Long-distance conveyance using a pneumatic system

1 Introduction

Subsequent to the general designing of the conveying system and its components, such as pressure vessel volume, type and inside diameter of the piping, the expected pressure drops and the conveying gas requirement, planning of the measurement and control equipment took place under consideration of all safety-rel-evant aspects (Figs. 3 and 4). As this project involved the conveyance of coal dust, the entire conveying system including the dedusting equipment was rendered inert by means of external nitrogen evaporators. The monitoring takes place online.

2 Design of the conveying system

The feeding hoppers are dedusted via a filter unit. The O₂ monitoring is performed online in the dedusting pipe. Due to their complexity, the demands placed on the measurement and control technology are compa-rable with those of an industrial scale conveying system. In fact, the measurement and control system of the test plant had to be even more flexible and comprehensive. Over the entire length of the test line, one very particular focus of the test work was analysis of the behaviour of the material being conveyed. To achieve this, 15 pressure transmitters (Fig. 8) were installed in the conveying pipe in order to continuously record the pressure gradient over the entire test line of 5.1 km.

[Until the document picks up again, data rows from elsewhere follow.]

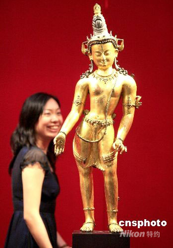 圖為鎏金銅佛像,價值六百萬美金。中新社發 張勤 攝
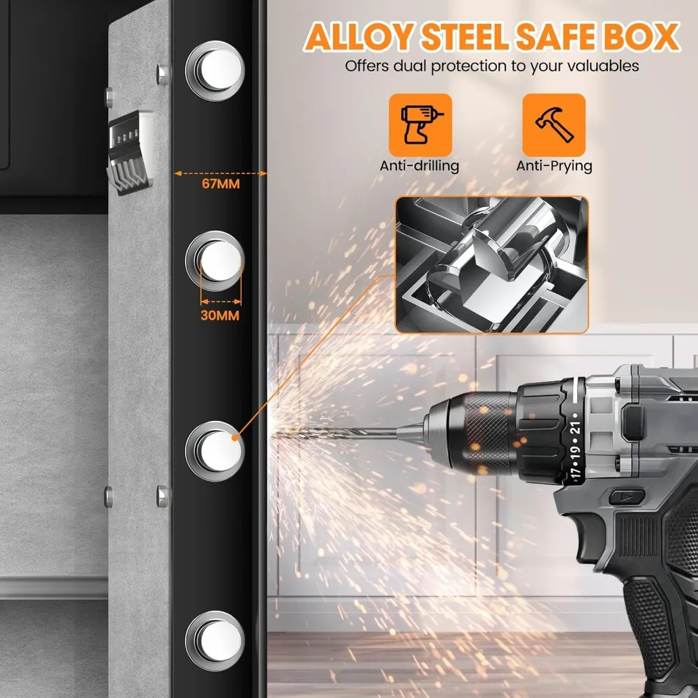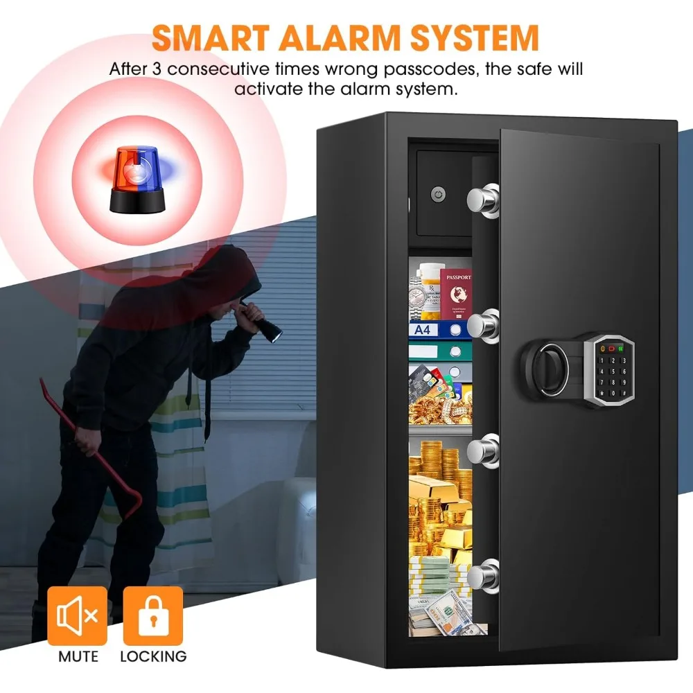 - ANTI-THEFT ALARM & ANCHORING DESIGN: Our fireproof safe comes with a dual alarm system to prevent password guessing and effectively deter unauthorized access. Enter the wrong password 3 times in a row will activate the alarm system and the safe will lock for 20 seconds. Anchoring design makes you easily fix the safe to the wall or floor, improving safety and reliability
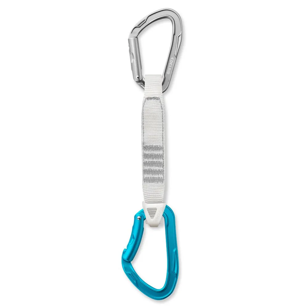 Experience ultralight performance with the EDELRID Mission II Quickdraw, engineered for demanding alpine and trad routes where every gram counts. Its intelligent design combines a snag-free keylock top carabiner with a lightweight, bent wire-gate bottom carabiner for fast, secure clipping. The H-profile construction delivers exceptional strength at a minimal weight, while an anti-twist sling keeps the rope-side biner perfectly oriented. The definitive choice for reducing your rack weight without sacrificing handling or safety on your most ambitious climbs
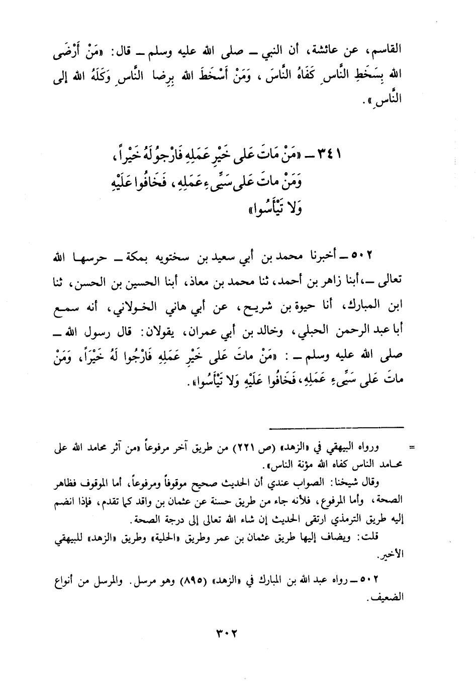 502 - أَخْبَرَنَا مُحَمَّدُ بْنُ أَبِي سَعِيدِ بْنِ سَخْتَوَيْهِ، بِمَكَّةَ حَرَسَهَا اللَّهُ تَعَالَى، أبنا زَاهِرُ بْنُ أَحْمَدَ، ثنا مُحَمَّدُ بْنُ مُعَاذٍ، أبنا الْحُسَيْنُ بْنُ الْحَسَنِ، ثنا ابْنُ الْمُبَارَكِ، أنا حَيْوَةُ بْنُ شُرَيْحٍ، عَنْ أَبِي هَانِي الْخَوْلَانِيِّ، أَنَّهُ سَمِعَ أَبَا عَبْدِ الرَّحْمَنِ الْحُبُلِيَّ وَخَالِدَ بْنَ أَبِي عِمْرَانَ، يَقُولَانِ: قَالَ رَسُولُ اللَّهِ صَلَّى اللهُ عَلَيْهِ وَسَلَّمَ: «§مَنْ مَاتَ عَلَى خَيْرِ عَمَلِهِ فَأَرْجُو لَهُ خَيْرًا، وَمَنْ مَاتَ عَلَى سَيِّئِ عَمَلِهِ فَخَافُوا عَلَيْهِ وَلَا تَيْأَسُوا»
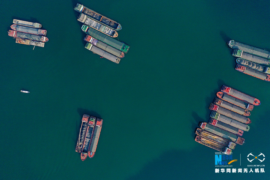 2020年2月,受疫情影响,三峡库区实行禁航,各类游船和乡镇班船静静停泊在巫山港口,三十多只长江货运船舶也在巫山港静待三峡船闸放行的信号。新华网发(朱云平 摄)
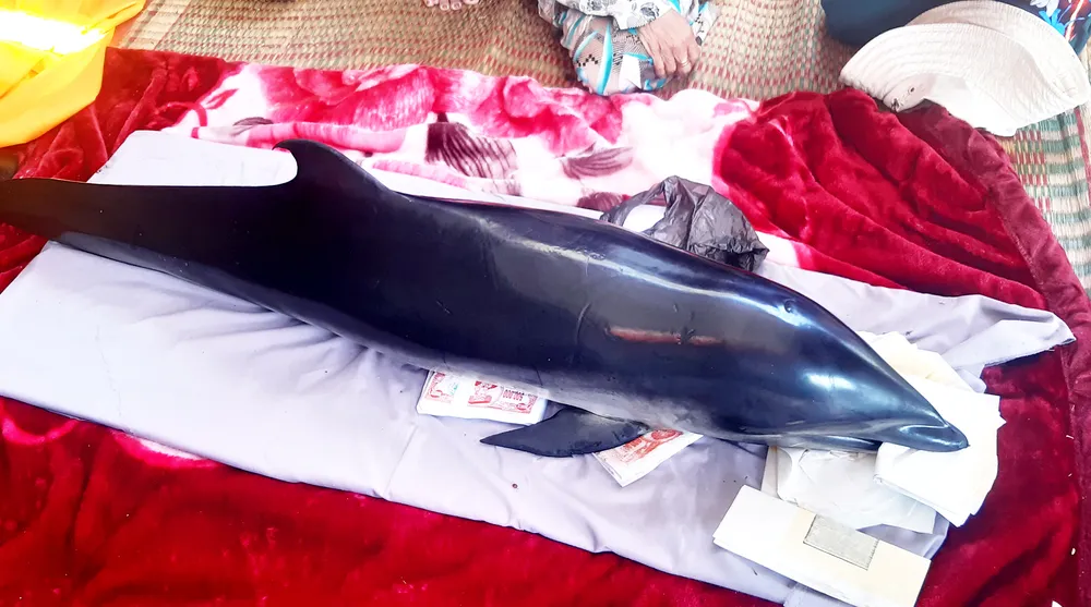 Theo ghi nhận của chúng tôi vào trưa 19-11 tại Miễu Bà (đặt tại xóm 21, thôn Vinh Quang 2), cá ông dài khoảng 1m, nặng trên 20kg, màu đen nhánh, bụng màu trắng, đuôi bẹp như đuôi tôm, bị một vết xước ở miệng, đã chết…
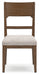 This dining chair sits comfortably at the intersection of modern lodge and farmhouse aesthetics. Your warm and welcoming disposition is reflected in its charming architectural elements and neutral textural fabric. Even with its poise, the chair remains practical. Its cushioned seat invites you to linger longer at the table, defining your dining room with reliable function and style.
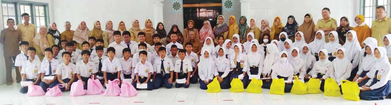 DEWAN Kemakmuran Masjid (DKM) Al-Ihsan bersama siswasiswi SMPN 16 Kota Bogor berbagi kebahagiaan bersama anak yatim dengan memberikan santunan di Mesjid Al-Ihsan SMP Negeri 16
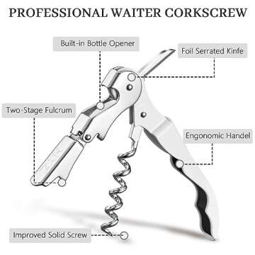 - Dual Functionality: Includes a foil cutter and bottle cap opener, providing versatility for any occasion.
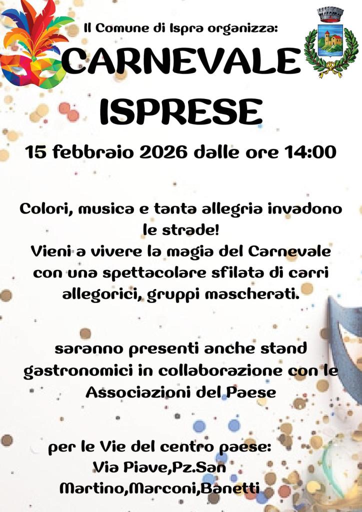 Domenica 15 febbraio, a partire dalle ore 14, il centro storico ospiterà il Carnevale Isprese, organizzato dal Comune.
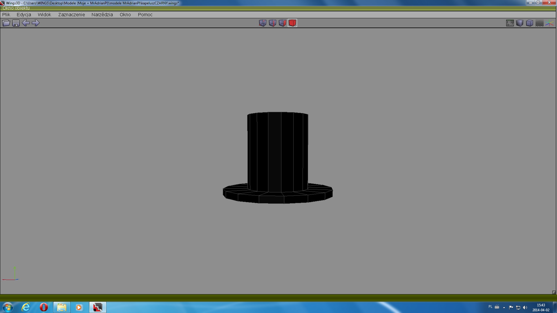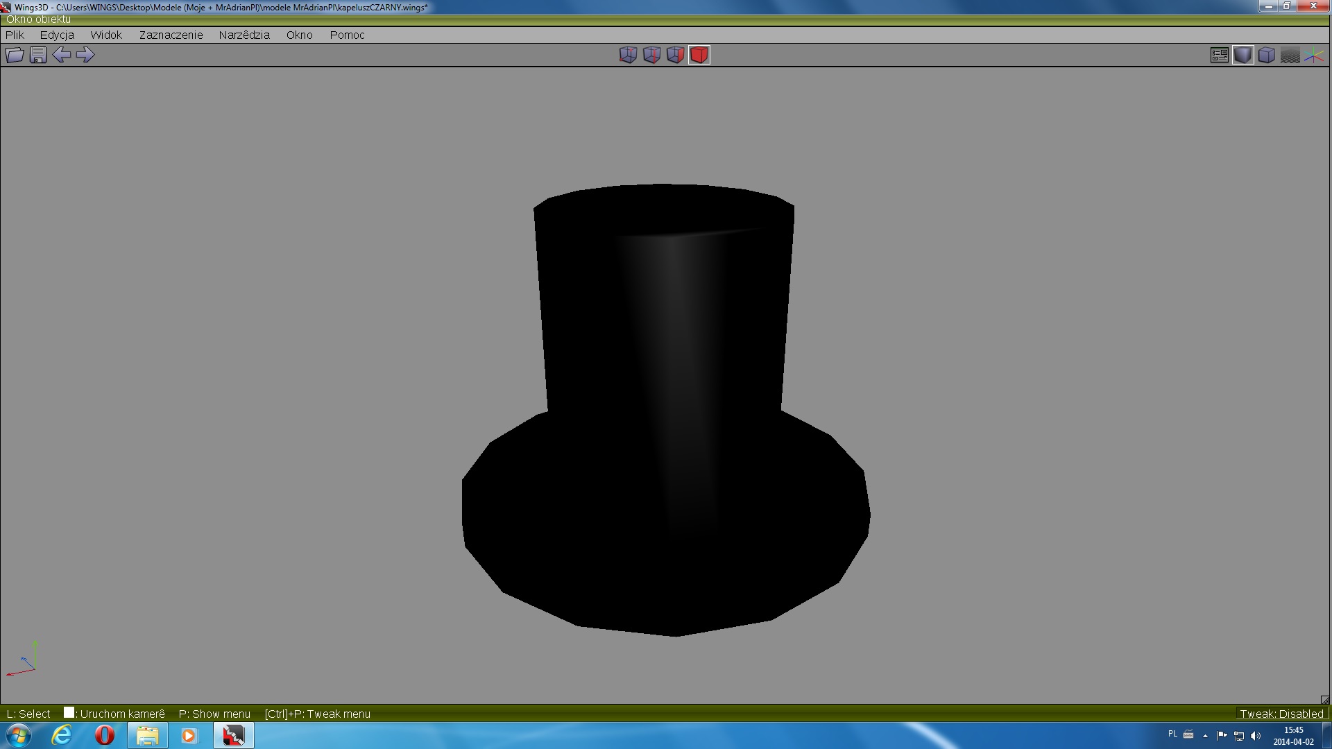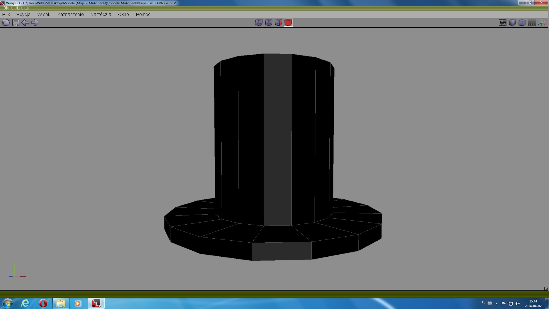 Nie wiem, czy wszystko zrobiłem dobrze. Co budzi we mnie wątpliwości? Otóż cylinder rzeczywiście jest czarny, ale gdy obracam kamerę w wingsie, czasami na oteksturowanym modelu pojawiają mi się szare plamy, Nie mam pojęcia, skąd one się wzięły - wyglądają moim zdaniem jak cienie. Czy tak powinno być? Czy wy też tak macie, kiedy robicie własne modele?
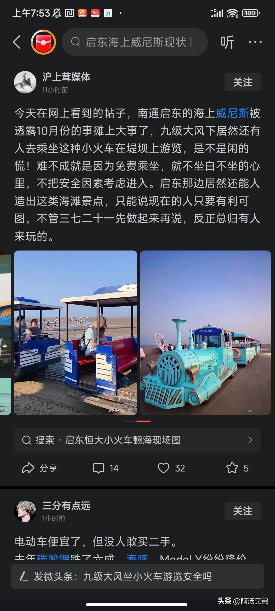 南通启东海上威尼斯小火车入海事件。 当场死亡四人,出现事故很正常,分析
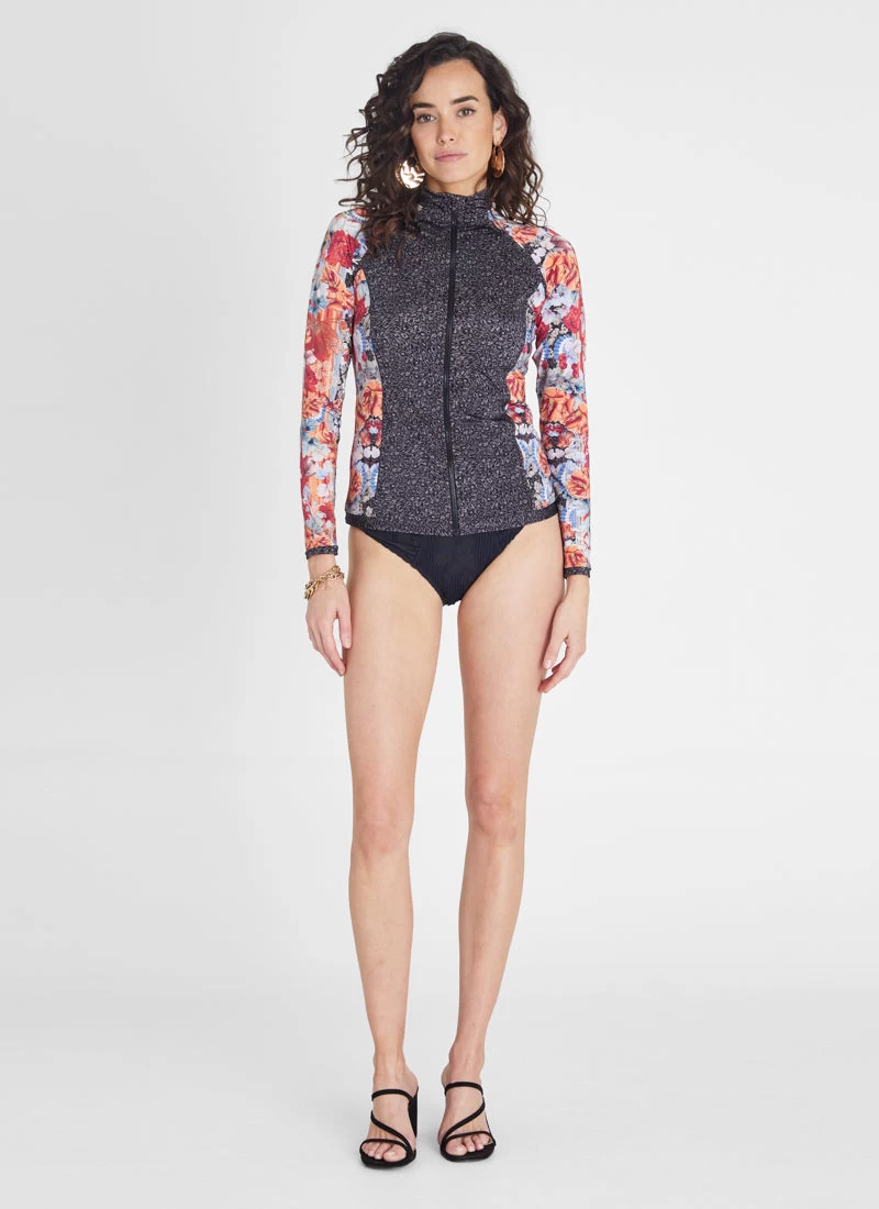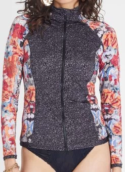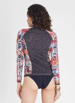 The Gardenia Hayley Rash Guard by Aqua Blu Australia is a bold departure from the classic rash guard with a high neck collar and tapping. Protects from harmful UVA & UVB rays with a UPF 50+ Sun Protection rating
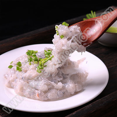 蝦滑的做法是把蝦去殼,通過上千次的摔打,使肉具有粘性,讓其保持原有的營養(yǎng)成分,又具有了爽脆的口感。
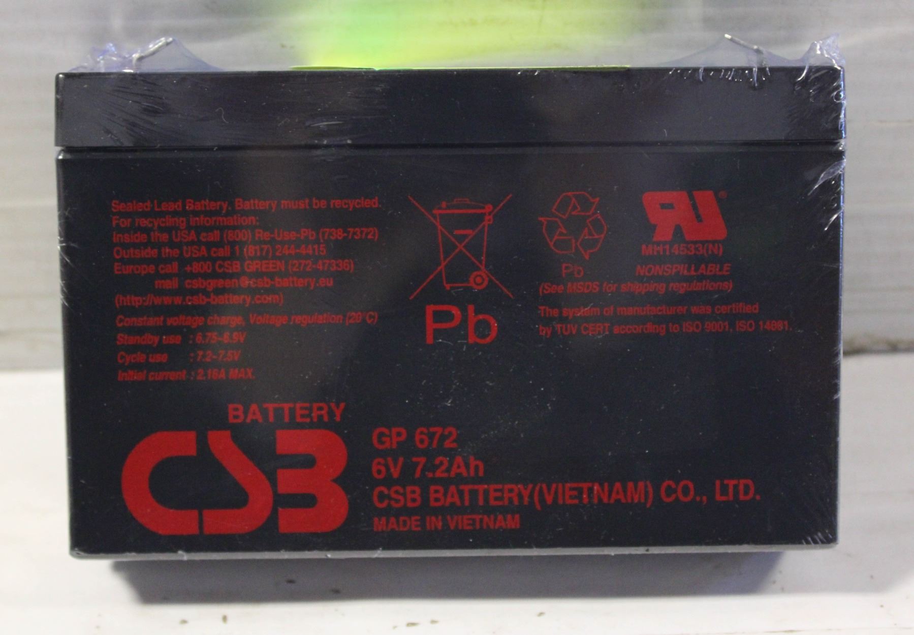 CSB SEALED LEAD ACID BATTERY 6V 7.2A NEW

When designing a pneumatic conveying system, not only the reliable transportation of the material must be assured, but also the aspect of possible wear inside the conveying pipe and the pipe bends has to be taken into consideration. During the conveyance the conveying gas expands due to the decreasing back pressure in the conveying pipe, which results in higher conveying velocities. And one of the effects of higher velocities is higher wear. As a consequence, it is necessary to increase the inside diameter of the conveying pipe at previously calculated points as the distance from the infeeding point increases. At the same time, it has to be assured that the velocity does not fall below the minimum required for reliably transporting the material. Determination of these inside diameter increase points requires complex computation operations, and a certain amount of expert experience is also necessary.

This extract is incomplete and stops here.